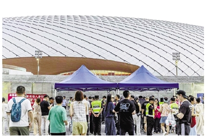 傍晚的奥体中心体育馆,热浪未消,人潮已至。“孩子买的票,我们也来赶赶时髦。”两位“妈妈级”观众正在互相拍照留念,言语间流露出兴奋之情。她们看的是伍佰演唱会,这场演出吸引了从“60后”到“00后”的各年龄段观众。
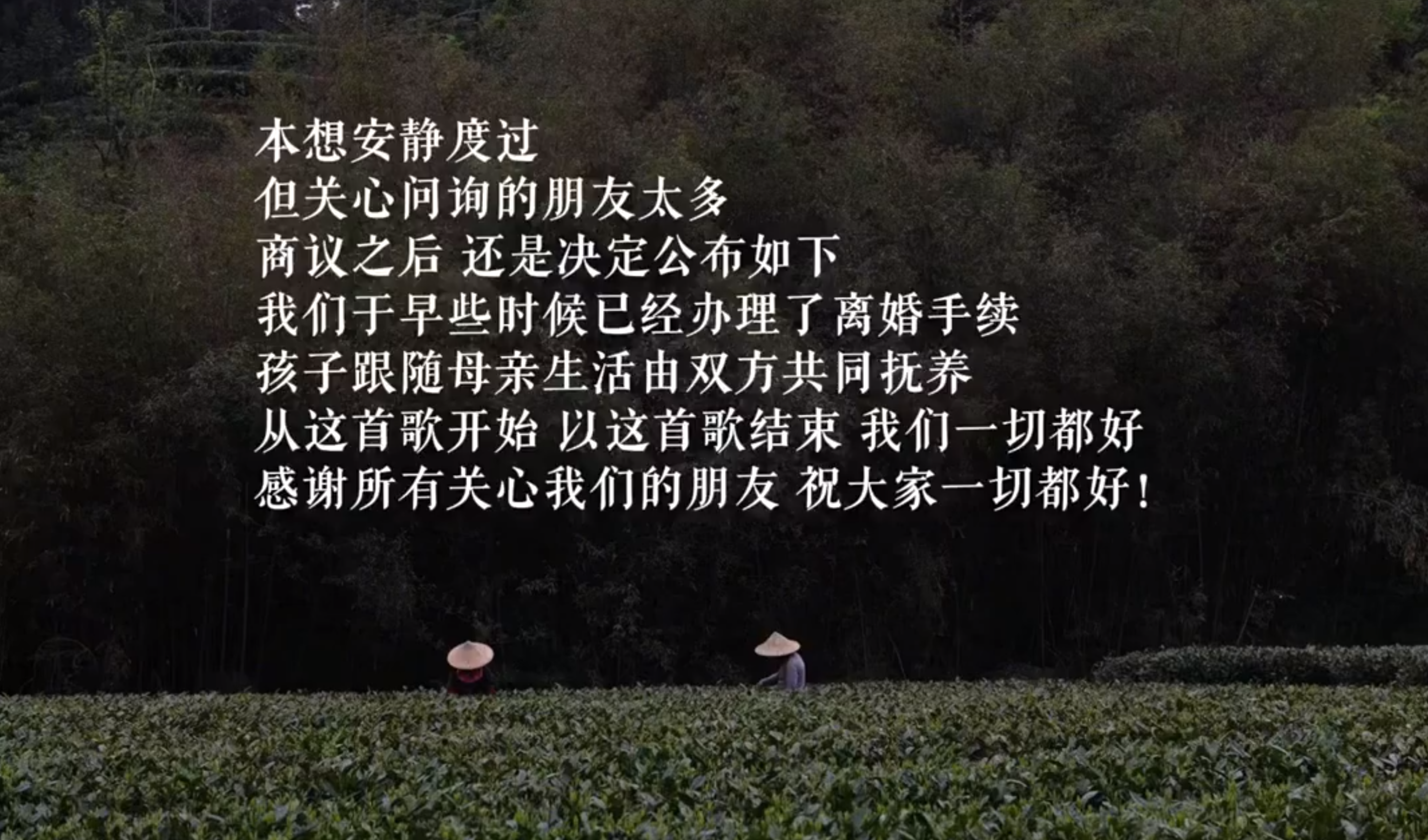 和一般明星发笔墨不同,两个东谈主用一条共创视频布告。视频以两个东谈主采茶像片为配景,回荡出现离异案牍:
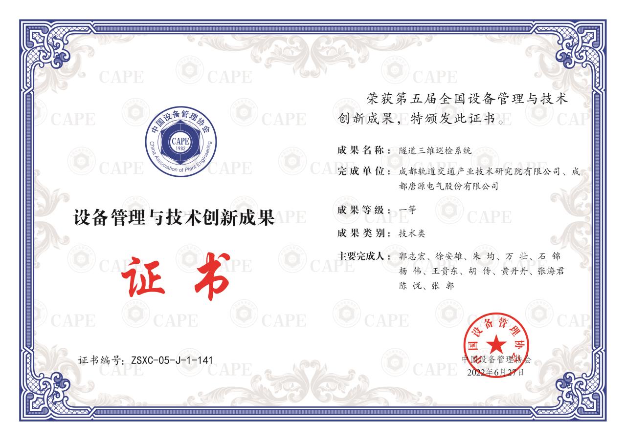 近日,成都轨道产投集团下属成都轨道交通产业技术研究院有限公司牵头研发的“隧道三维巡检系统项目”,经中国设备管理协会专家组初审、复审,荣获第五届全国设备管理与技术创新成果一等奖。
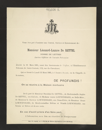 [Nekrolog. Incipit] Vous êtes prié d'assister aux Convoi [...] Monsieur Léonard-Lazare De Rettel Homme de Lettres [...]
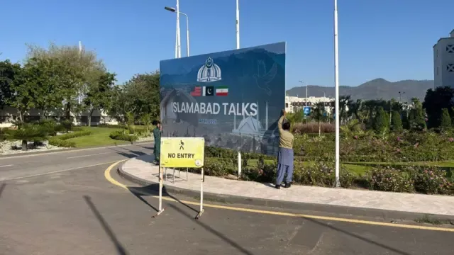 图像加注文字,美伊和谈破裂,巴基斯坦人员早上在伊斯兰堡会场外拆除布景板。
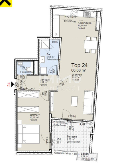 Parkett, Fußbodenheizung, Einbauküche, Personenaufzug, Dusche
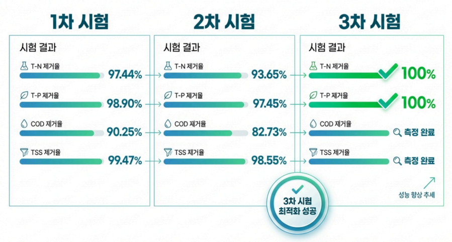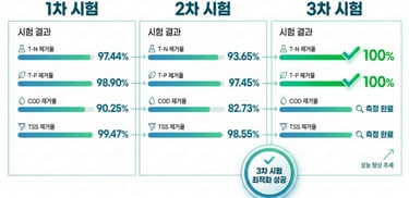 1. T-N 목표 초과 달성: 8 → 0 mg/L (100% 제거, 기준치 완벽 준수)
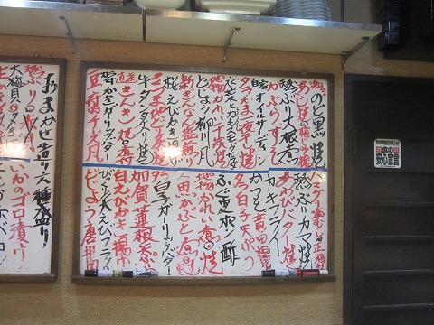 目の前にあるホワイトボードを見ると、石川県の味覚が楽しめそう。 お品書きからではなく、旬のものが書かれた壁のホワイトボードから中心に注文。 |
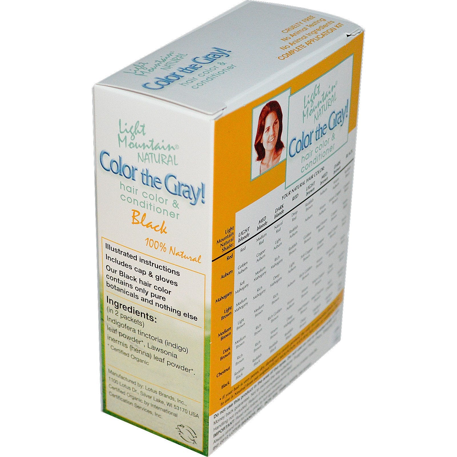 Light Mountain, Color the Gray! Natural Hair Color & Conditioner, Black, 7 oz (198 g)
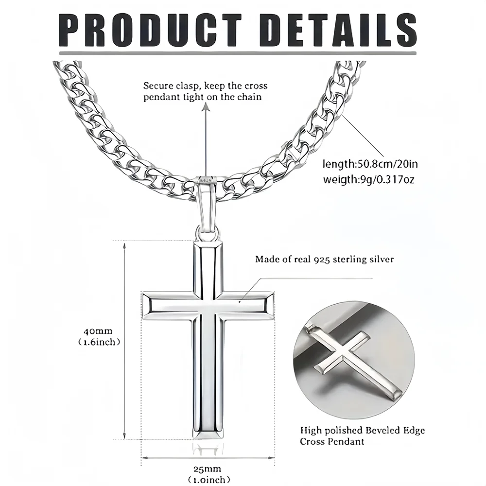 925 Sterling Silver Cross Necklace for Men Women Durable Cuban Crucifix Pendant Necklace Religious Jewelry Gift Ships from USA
= = = =
### Work instruction:
Quote the data above in full and without alteration; skip the pictures.

### Your solution:
 傍晚的奥体中心体育馆,热浪未消,人潮已至。“孩子买的票,我们也来赶赶时髦。”两位“妈妈级”观众正在互相拍照留念,言语间流露出兴奋之情。她们看的是伍佰演唱会,这场演出吸引了从“60后”到“00后”的各年龄段观众。
 和一般明星发笔墨不同,两个东谈主用一条共创视频布告。视频以两个东谈主采茶像片为配景,回荡出现离异案牍:
 近日,成都轨道产投集团下属成都轨道交通产业技术研究院有限公司牵头研发的“隧道三维巡检系统项目”,经中国设备管理协会专家组初审、复审,荣获第五届全国设备管理与技术创新成果一等奖。
 [Nekrolog. Incipit] Vous êtes prié d'assister aux Convoi [...] Monsieur Léonard-Lazare De Rettel Homme de Lettres [...]
 图像加注文字,美伊和谈破裂,巴基斯坦人员早上在伊斯兰堡会场外拆除布景板。
 Parkett, Fußbodenheizung, Einbauküche, Personenaufzug, Dusche
 1. T-N 목표 초과 달성: 8 → 0 mg/L (100% 제거, 기준치 완벽 준수)
 目の前にあるホワイトボードを見ると、石川県の味覚が楽しめそう。 お品書きからではなく、旬のものが書かれた壁のホワイトボードから中心に注文。 |
 Light Mountain, Color the Gray! Natural Hair Color & Conditioner, Black, 7 oz (198 g)
 925 Sterling Silver Cross Necklace for Men Women Durable Cuban Crucifix Pendant Necklace Religious Jewelry Gift Ships from USA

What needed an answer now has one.